◆ Task requirements
Using the listing below, give again exactly the lines from the line with "反向洗頭法的核心,是在乾髮狀" to the line with "우리 쌀로 만든 통들깨주먹밥", inclusive, without the pictures.

*** Opening of Task inputs ***

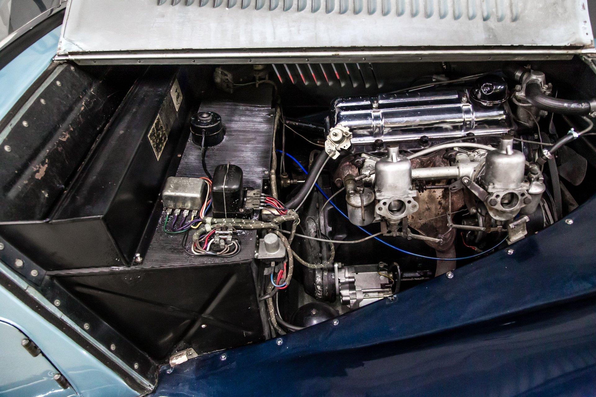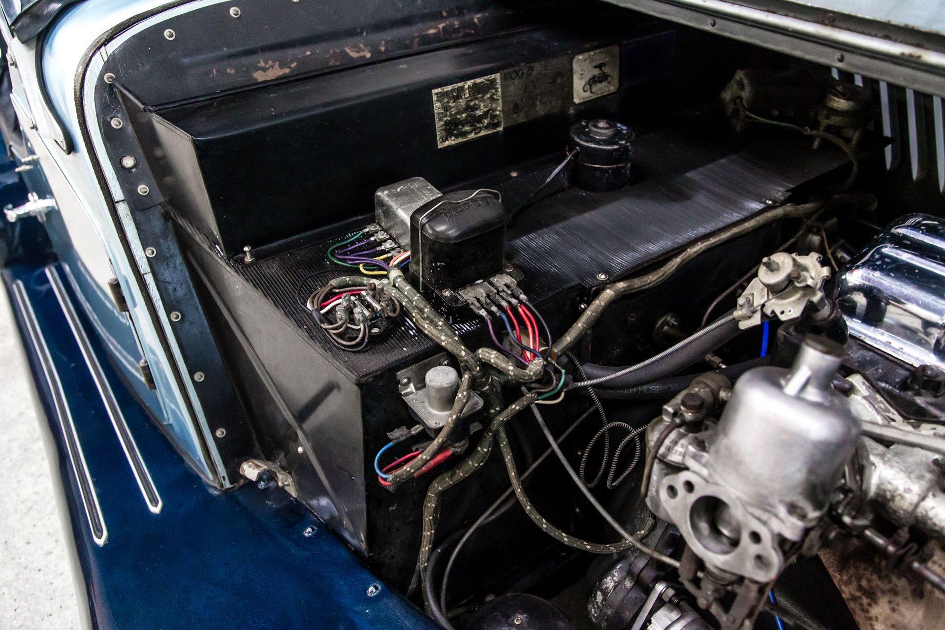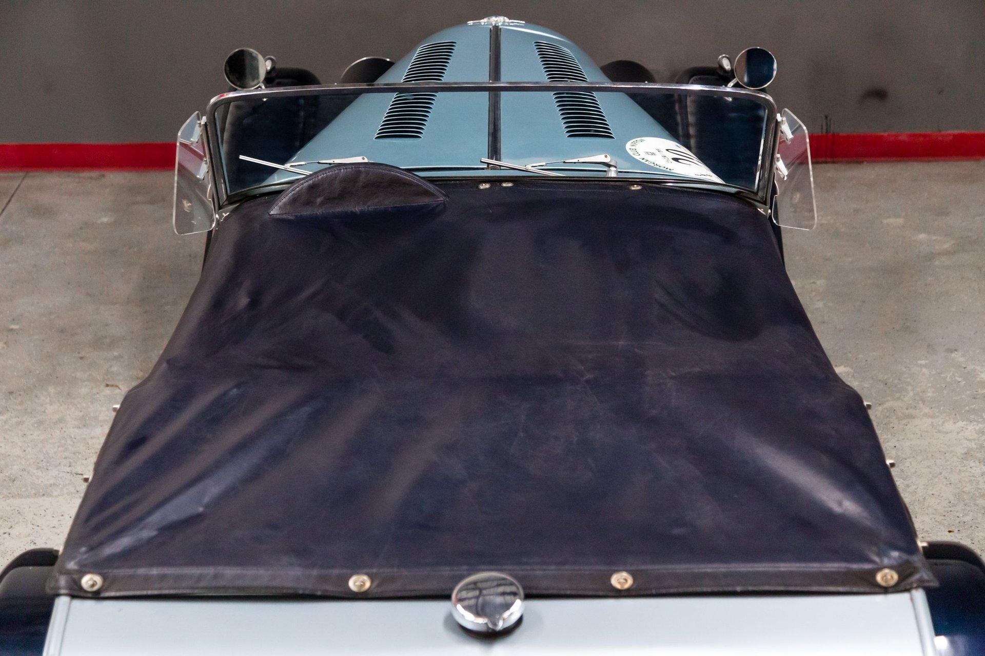 Finished from the factory in a non-standard shade of cream, the car was repainted in two-tone metallic blue prior to 2004. Features include a black soft top, a black tonneau cover, a badge bar, a single Lucas driving light, louvered hood panels, fender-mounted side mirrors, wind wings, running boards, a flip-up fuel cap, and chrome bumpers.
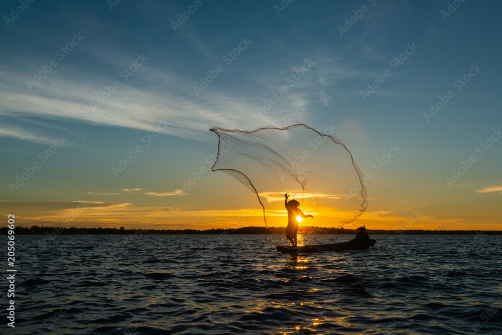 Un-identified silhouette fisher man on boat fishing by throwing fishing net #205069602
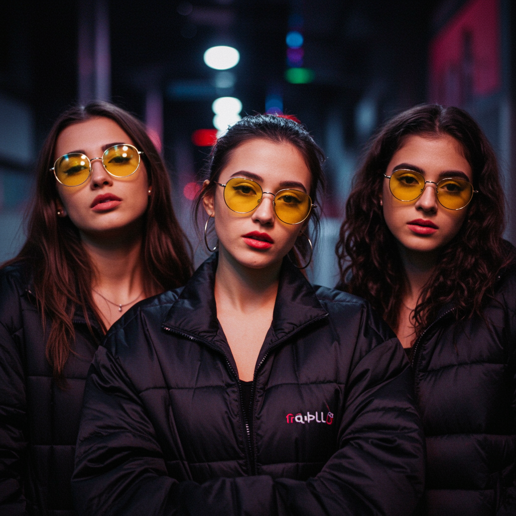 Three stylish women wearing yellow sunglasses and black jackets, captured in a vibrant 1990s trillwave aesthetic, evoke the candid charm of celebrity snapshots. Their expressions and movements are subtly animated in a retro VHS-inspired animated gif style, adding a nostalgic flair with a touch of modern creativity.
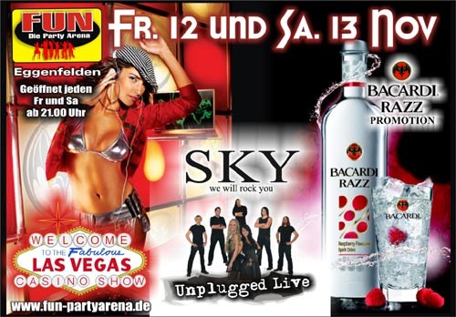 12./13. November 2010 BACARDI RAZZ PROMOTION Geöffnet jeden Fr und Sa ab 21 Uhr SKY we will rock you - Unplugged Live |
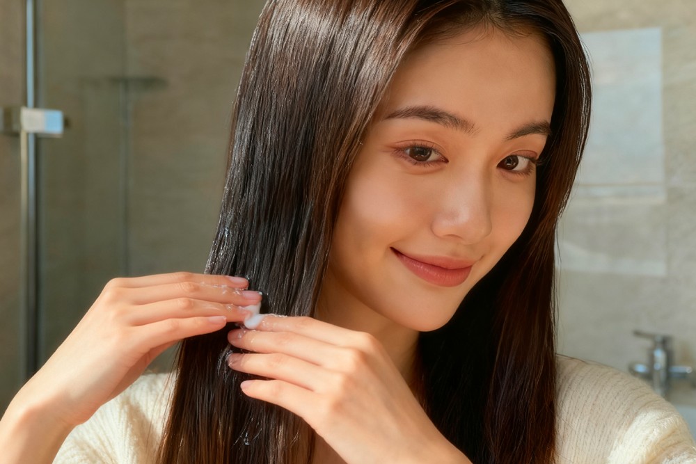 反向洗頭法的核心,是在乾髮狀態下先護髮。此時毛鱗片仍緊閉,護髮成分更容易停留在髮絲外層,形成保護膜。
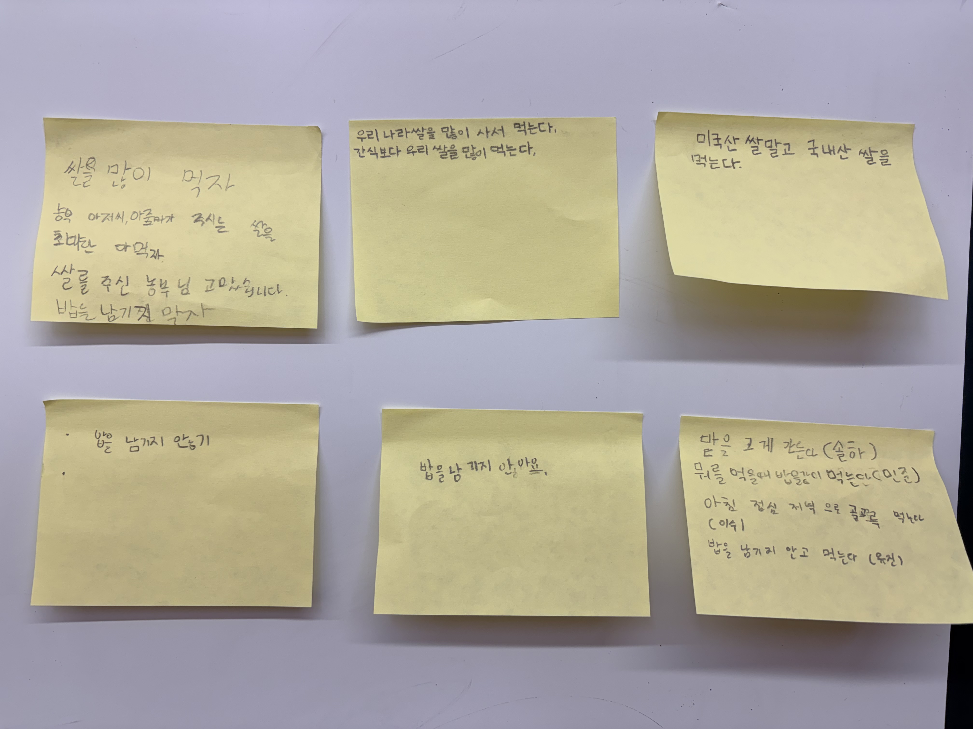 우리 쌀로 만든 통들깨주먹밥 시식을 통해 맛있는 우리 쌀을 체험해 보았고 우리 쌀을 지키기 위한 실천방안도 생각해 보았습니다.
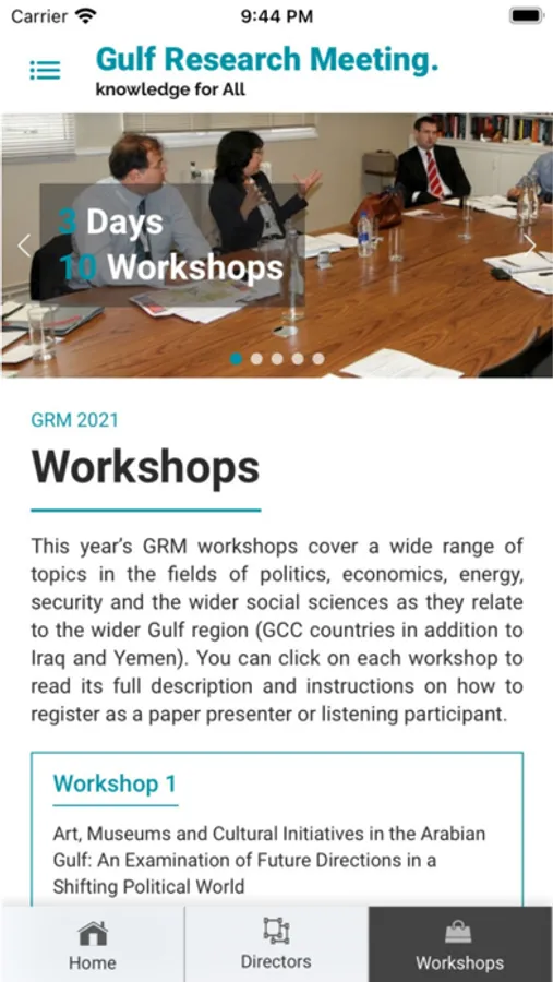 The Gulf Research Center Cambridge established the annual Gulf Research Meeting (GRM) in 2010 to provide an academic environment to foster Gulf studies and to encourage scholarly and academic exchange among those working on or interested in the developments that are taking place and defining the Gulf region and its constituent societies.
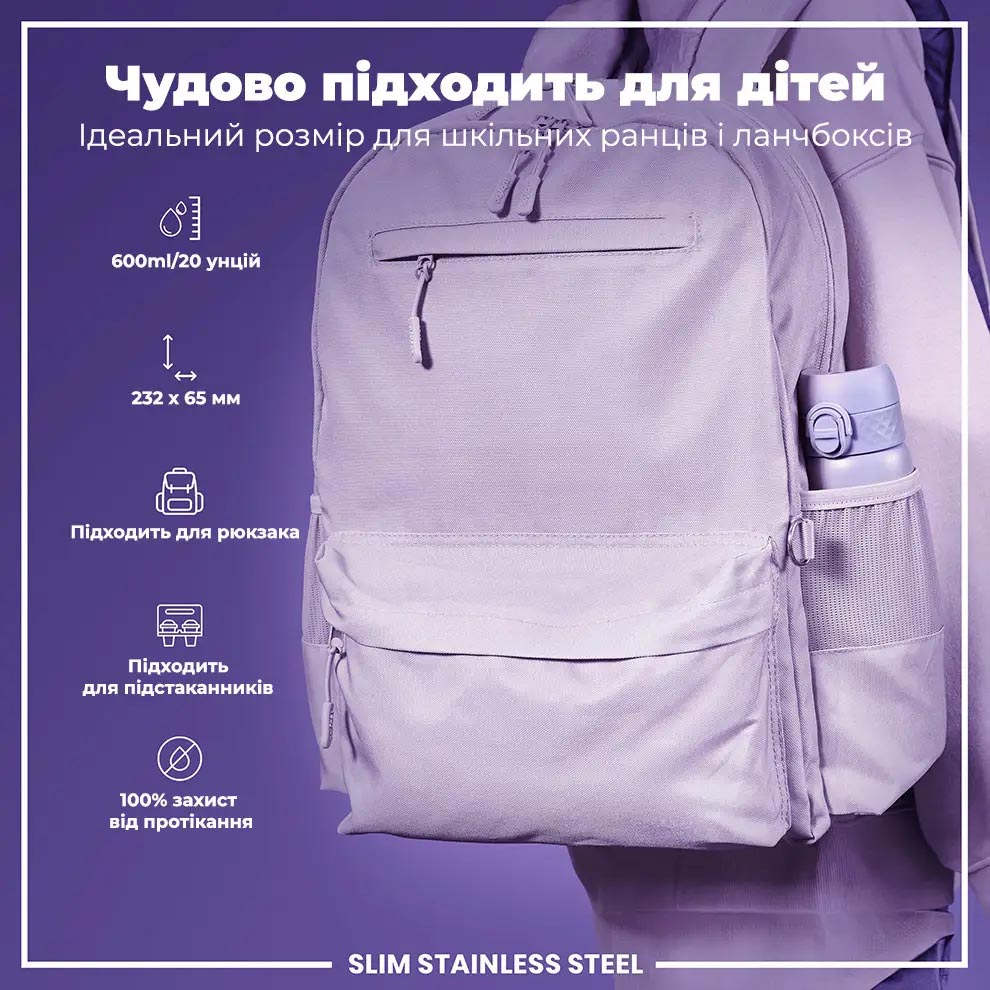 - Об’єм 600 мл дозволяє підтримувати належний рівень гідратації протягом дня
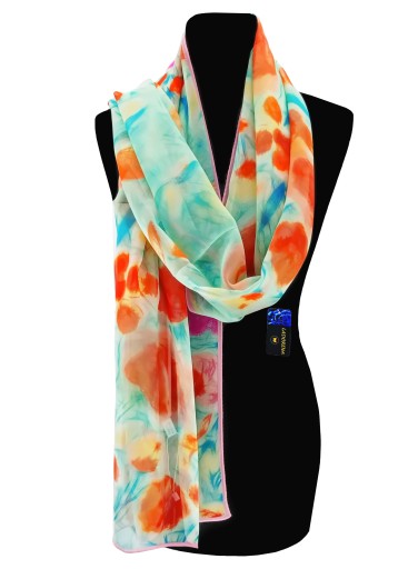 - Szal wykonany z ekologicznych tkanin. Bez sztucznych dodatków. Ręcznie wykańczany i sprawdzany. Znakomita jakość dzięki wysokiej klasy materiałom oraz kontroli jakości na każdym etapie wytwarzania. Tkanina 100% jedwab naturalny najwyższej jakości.

*** Close of Task inputs ***

◆ Answer section
 反向洗頭法的核心,是在乾髮狀態下先護髮。此時毛鱗片仍緊閉,護髮成分更容易停留在髮絲外層,形成保護膜。
 우리 쌀로 만든 통들깨주먹밥 시식을 통해 맛있는 우리 쌀을 체험해 보았고 우리 쌀을 지키기 위한 실천방안도 생각해 보았습니다.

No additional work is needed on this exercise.